The event annotation propagation algorithm needed a training set consisting of event annotations in photos. Therefore, the selection of photos that are part of the training set was crucial so that the representativeness of the data was maintained. To ensure that the training set was impartial, the choice of photos that included this training set was performed randomly.

The experiments were conducted through cross-validation, considering different numbers of folds to verify the algorithm’s consistency. Each configuration for the number of folds has 30 replicas. Algorithm 3 shows the dynamics of how the test experiments were performed.


Event propagation validation
Algorithm 3: Event propagation validation.


First, the algorithm created photo clusters. Then, for each replica, the training set was randomly selected, and the annotation propagation was performed for the other photos. Because the original database has the entire photo event annotations, after all of the suggestions by STEve-PR have been saved, the suggested event was compared to the original event.

A propagation was considered correct when the suggested event was equal to the current event. For each replica, the training set was defined by the getTestPhotos() method, which returned the identifiers of the photos that were not part of the training set.

With the test photo identifiers, the event annotations were removed temporarily. After that, the STEve-PR algorithm analysed all of the photos that did not have events and created events propagation. After saving all of the results, the original annotations were restored to the next replica.



5. Results

This section presents the results for the STEve-PR technique. First, we present results for the clustering algorithm followed by the event annotation propagation results related to observed metrics, and then we discuss both results. The graphics include results obtained by the statistical tests. The way the photos were clustered by STEve-PR influenced the event propagation. Therefore, finding the appropriate setting for photo clustering of the same event was crucial for the annotation spreads occurred properly.

In this work, we used the ReSEED dataset (Reuter, et al., 2014), which contains 437,370 Flickr images assigned to 21,169 events in total. The events are heterogeneous regarding type and length, e.g., it includes festivals which lasted for many days as well as protest marches only a few hours of duration.

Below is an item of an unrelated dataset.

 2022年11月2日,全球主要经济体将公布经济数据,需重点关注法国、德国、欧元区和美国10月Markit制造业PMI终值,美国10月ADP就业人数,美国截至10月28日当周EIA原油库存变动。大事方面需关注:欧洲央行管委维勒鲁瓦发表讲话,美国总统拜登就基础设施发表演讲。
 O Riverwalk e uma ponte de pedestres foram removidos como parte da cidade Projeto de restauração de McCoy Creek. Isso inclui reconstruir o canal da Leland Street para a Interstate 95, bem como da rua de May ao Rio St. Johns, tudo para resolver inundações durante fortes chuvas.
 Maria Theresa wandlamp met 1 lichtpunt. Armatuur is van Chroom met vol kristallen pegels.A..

Although clustering techniques are not recent, researches with novel techniques (such as neural networks, for example) show that those remain with excellent results. Ahmad, et al. (2018) used a CNN to perform event detection and obtained an accuracy of about 98.8 percent. Shamsolmoali, et al. (2019) also used a CNN to perform multimedia classification and obtained a precision of 93.9 percent.

Mansour, et al. (2017), as our proposal, used a clustering technique to detect events and obtained an F measure of 97 percent, demonstrating that clustering techniques are still promising in this area. Figure 2 shows the clustering configuration results of STEve-PR, considering PGr. The vertical axis indicates the percentage of replicas in that this configuration had the best result. Thus, the horizontal axis represents the clustering configurations.

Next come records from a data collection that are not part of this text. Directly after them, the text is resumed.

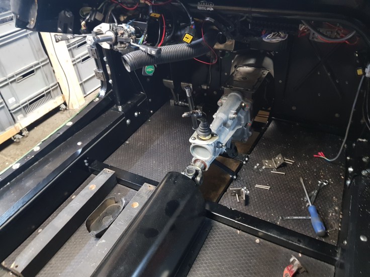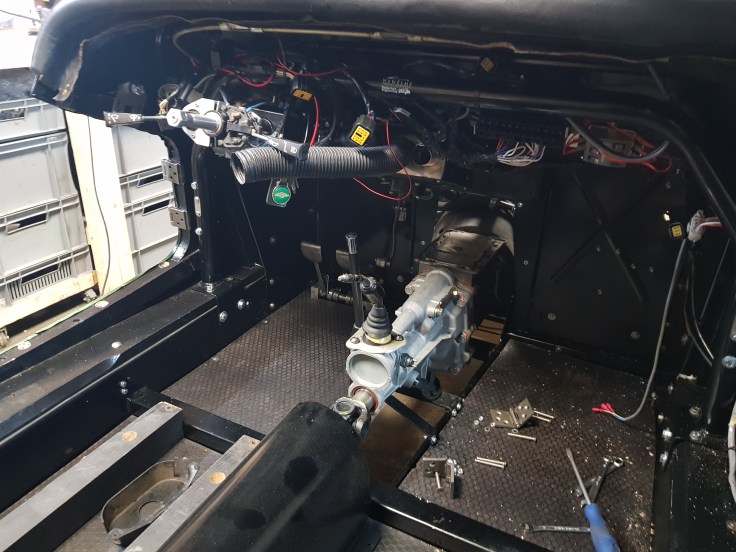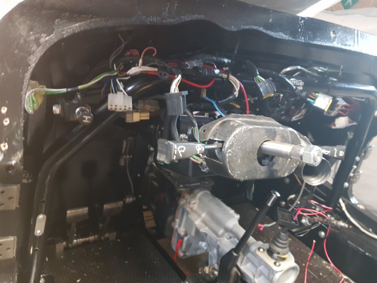 With the EZ powersteering now in and wired up it was time to find a new home for the heater cable and knob. I used to be attached to the right of the steering column but this space is now occupied by the servo. As this is certainly not the most used control/item in the Morgan I decided to move it to the very left and behind the dashboard. With a little bit of heat and some persuading strokes with a hamme the bracket that was supplied with the new steering was modified. The control knob for the power steering found its place left of it.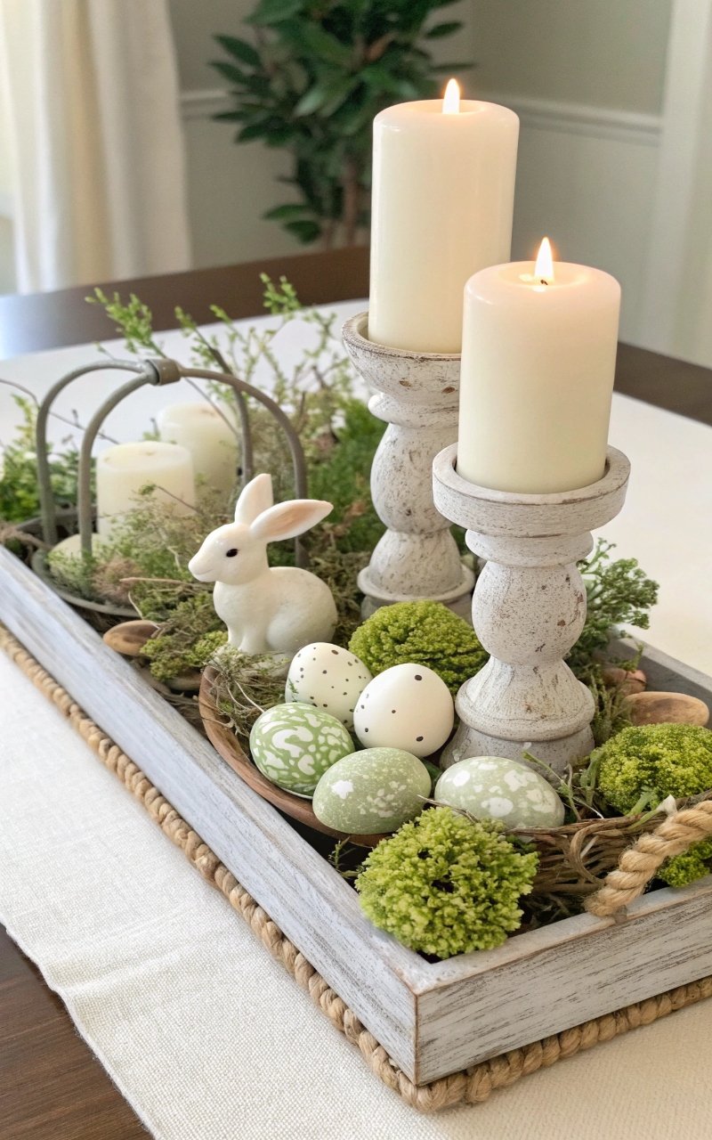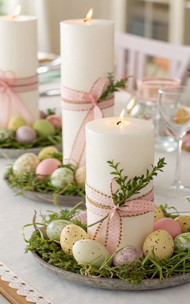 Decorated candles can add such a cozy seasonal touch. I love wrapping pillar candles with ribbon or styling them alongside eggs and greenery. The setup feels warm and elegant. Nothing feels too complicated. Doesn’t candlelight make every display look better? Pretty much always.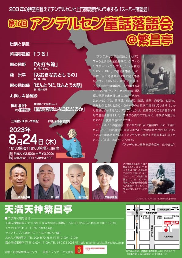 8月24日(木) 第16回 アンデルセン童話落語会@繁昌亭2006年の夏から続く落語会です。前2,500円・当3,000円・中高1,000円...

Best configurations for clustering
Figure 2: Best configurations for clustering.


Figures 3 and 4 presents the clustering configuration results of STEve-PR. The vertical axis indicates the values of precision and recall metrics, respectively. Thus, the horizontal axis represents clustering configurations. The settings that are not listed in the chart did not achieve the best results.


Clustering configurations precision
Figure 3: Clustering configurations precision.


The settings that are not listed in Figures 3 and 4 did not achieve the best results in any replica. It is clear that the setting with 30-minute temporal variations and 20-meter spatial variations was more suitable for clustering the same event photos by minimizing the number of different event photos in the same cluster (highest precision and PGr).


Clustering configurations recall
Figure 4: Clustering configurations recall.


It is important to mention that the 20 meters and 30 minutes clustering parameters do not mean that an event lasting say two hours will be categorized as four different events. The 30 minutes parameter means that photos belonging to the same cluster will have a temporal distance less or equal to 30 minutes. The same reasoning applies to the 20 meters parameter.

With the test results for the clustering algorithm settings, testing the event annotation propagation algorithm could be executed. Thus, Figures 5, 6, 7, 8 and 9 show the results of STEve-PR for the clustering configuration of 30-minute temporal variations and 20-meter spatial variations.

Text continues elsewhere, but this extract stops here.